§ WHAT IS BEING ASKED: Copy the records below exactly, leaving out every picture.

§ GIVEN RECORDS:
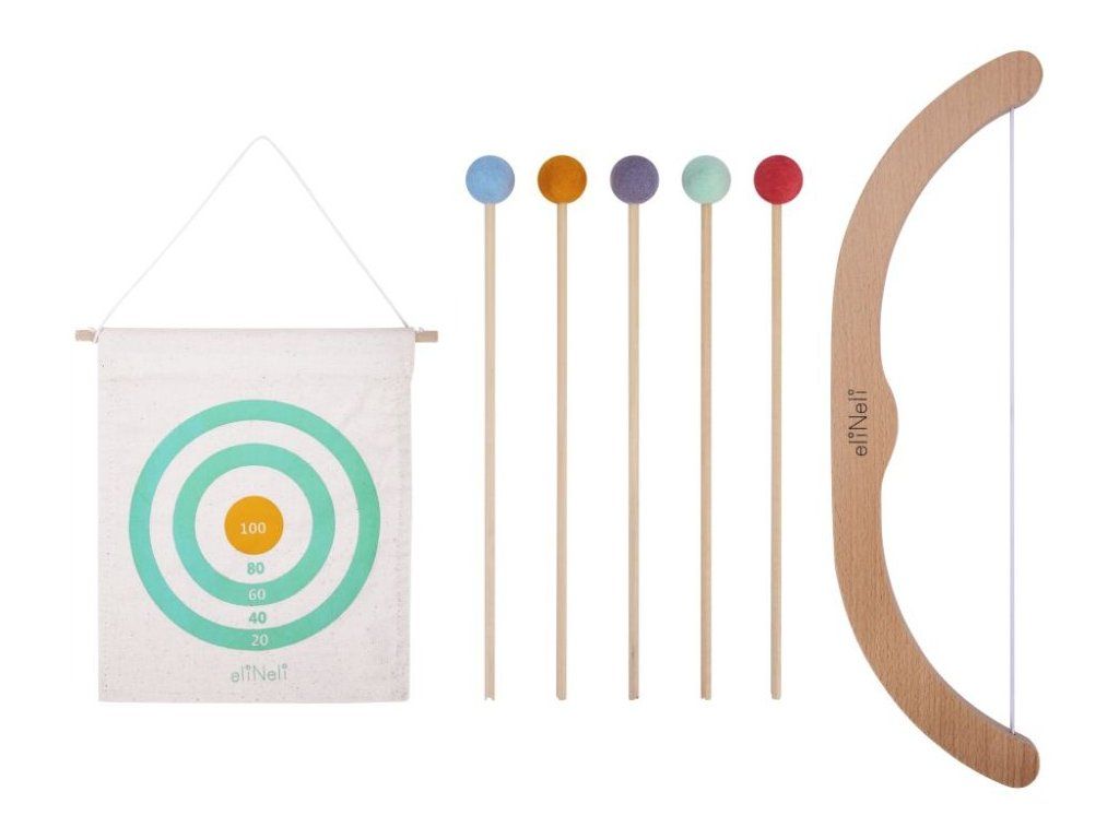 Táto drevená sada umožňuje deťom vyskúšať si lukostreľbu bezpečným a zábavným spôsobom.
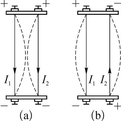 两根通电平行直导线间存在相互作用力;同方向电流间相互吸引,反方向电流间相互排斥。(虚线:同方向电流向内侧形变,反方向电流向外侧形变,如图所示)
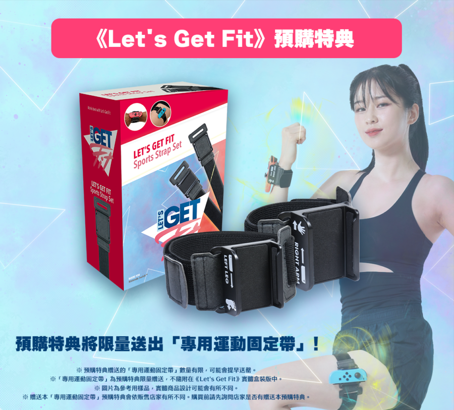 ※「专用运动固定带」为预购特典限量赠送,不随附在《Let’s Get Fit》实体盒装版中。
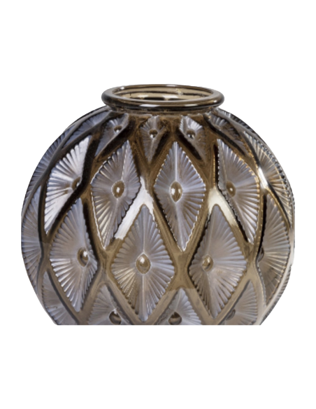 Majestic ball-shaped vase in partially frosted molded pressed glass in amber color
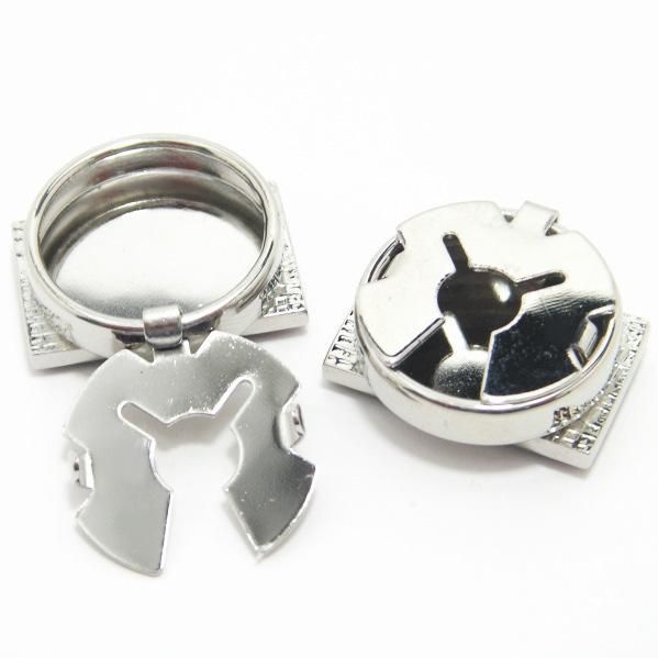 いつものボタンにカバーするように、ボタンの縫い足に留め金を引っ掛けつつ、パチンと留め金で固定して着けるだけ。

§ WRITTEN SOLUTION:
 Táto drevená sada umožňuje deťom vyskúšať si lukostreľbu bezpečným a zábavným spôsobom.
 两根通电平行直导线间存在相互作用力;同方向电流间相互吸引,反方向电流间相互排斥。(虚线:同方向电流向内侧形变,反方向电流向外侧形变,如图所示)
 ※「专用运动固定带」为预购特典限量赠送,不随附在《Let’s Get Fit》实体盒装版中。
 Majestic ball-shaped vase in partially frosted molded pressed glass in amber color
 いつものボタンにカバーするように、ボタンの縫い足に留め金を引っ掛けつつ、パチンと留め金で固定して着けるだけ。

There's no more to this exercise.